Using the records below, return exactly the lines from the one containing "WOODEN CONSTRUCTION: Say" through the last, and omit pictures.

= Beginning of Section =

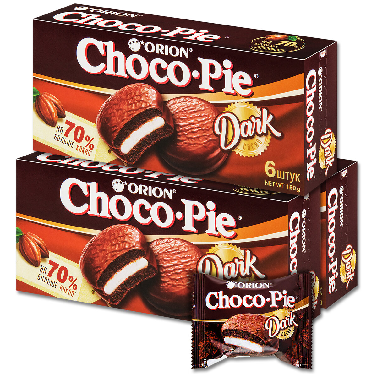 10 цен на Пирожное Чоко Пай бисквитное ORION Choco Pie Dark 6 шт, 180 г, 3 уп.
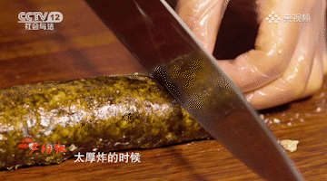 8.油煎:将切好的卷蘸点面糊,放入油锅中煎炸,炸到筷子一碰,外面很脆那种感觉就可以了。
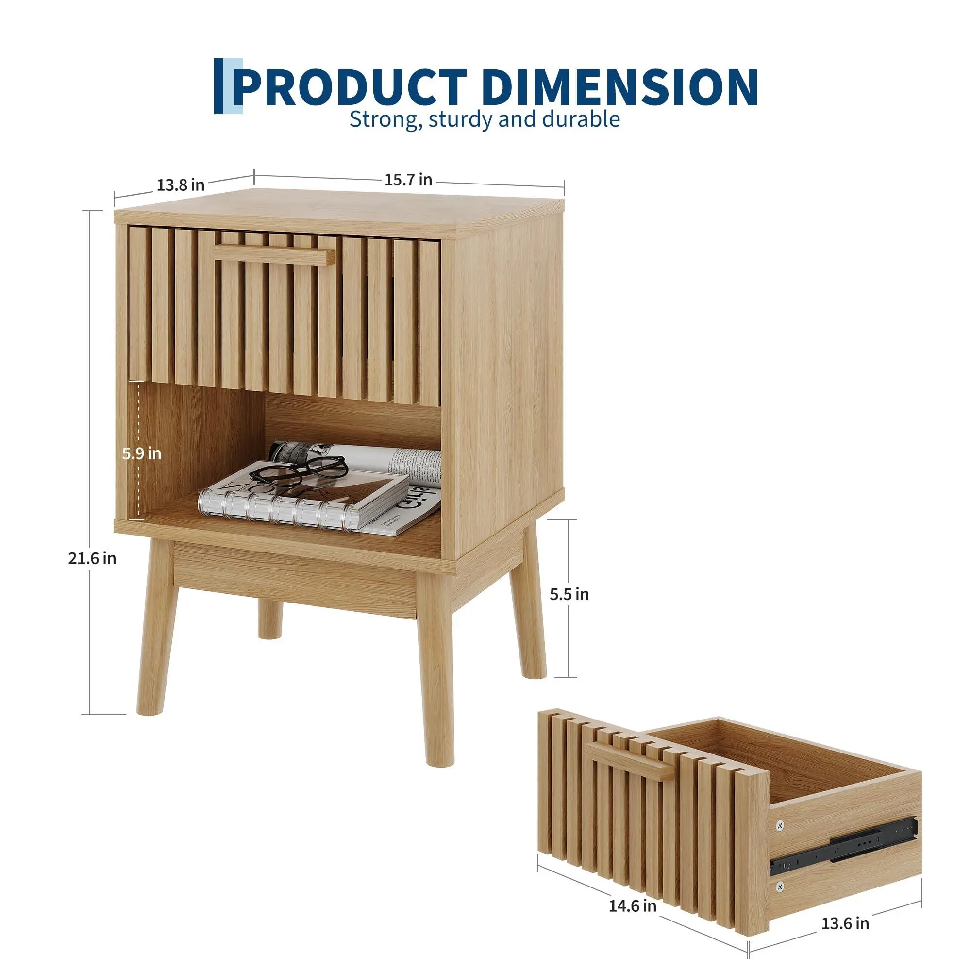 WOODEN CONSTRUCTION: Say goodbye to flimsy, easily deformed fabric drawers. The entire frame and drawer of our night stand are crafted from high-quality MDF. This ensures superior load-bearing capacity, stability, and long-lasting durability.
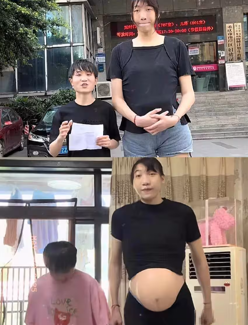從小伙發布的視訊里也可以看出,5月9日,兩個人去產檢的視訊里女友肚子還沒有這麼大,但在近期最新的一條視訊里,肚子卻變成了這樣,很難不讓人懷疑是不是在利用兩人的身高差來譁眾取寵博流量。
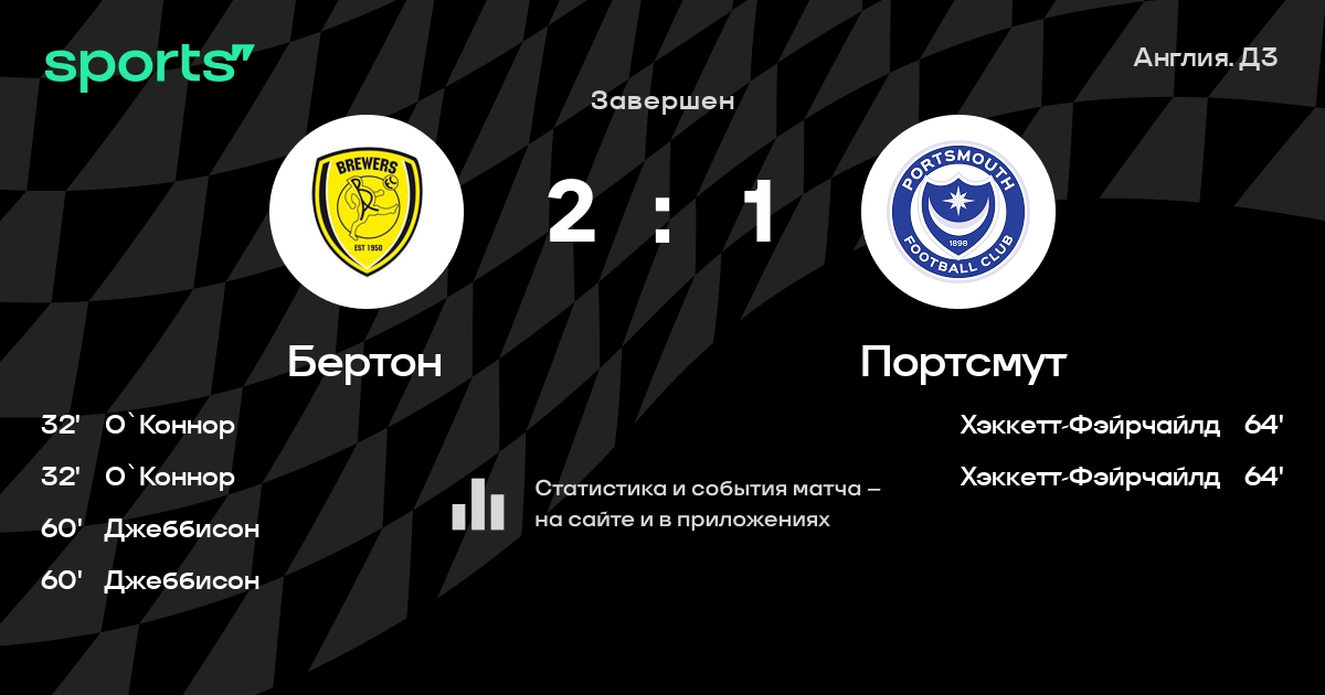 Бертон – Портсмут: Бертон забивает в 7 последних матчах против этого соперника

= End of Section =

[Expected output]:
 WOODEN CONSTRUCTION: Say goodbye to flimsy, easily deformed fabric drawers. The entire frame and drawer of our night stand are crafted from high-quality MDF. This ensures superior load-bearing capacity, stability, and long-lasting durability.
從小伙發布的視訊里也可以看出,5月9日,兩個人去產檢的視訊里女友肚子還沒有這麼大,但在近期最新的一條視訊里,肚子卻變成了這樣,很難不讓人懷疑是不是在利用兩人的身高差來譁眾取寵博流量。
 Бертон – Портсмут: Бертон забивает в 7 последних матчах против этого соперника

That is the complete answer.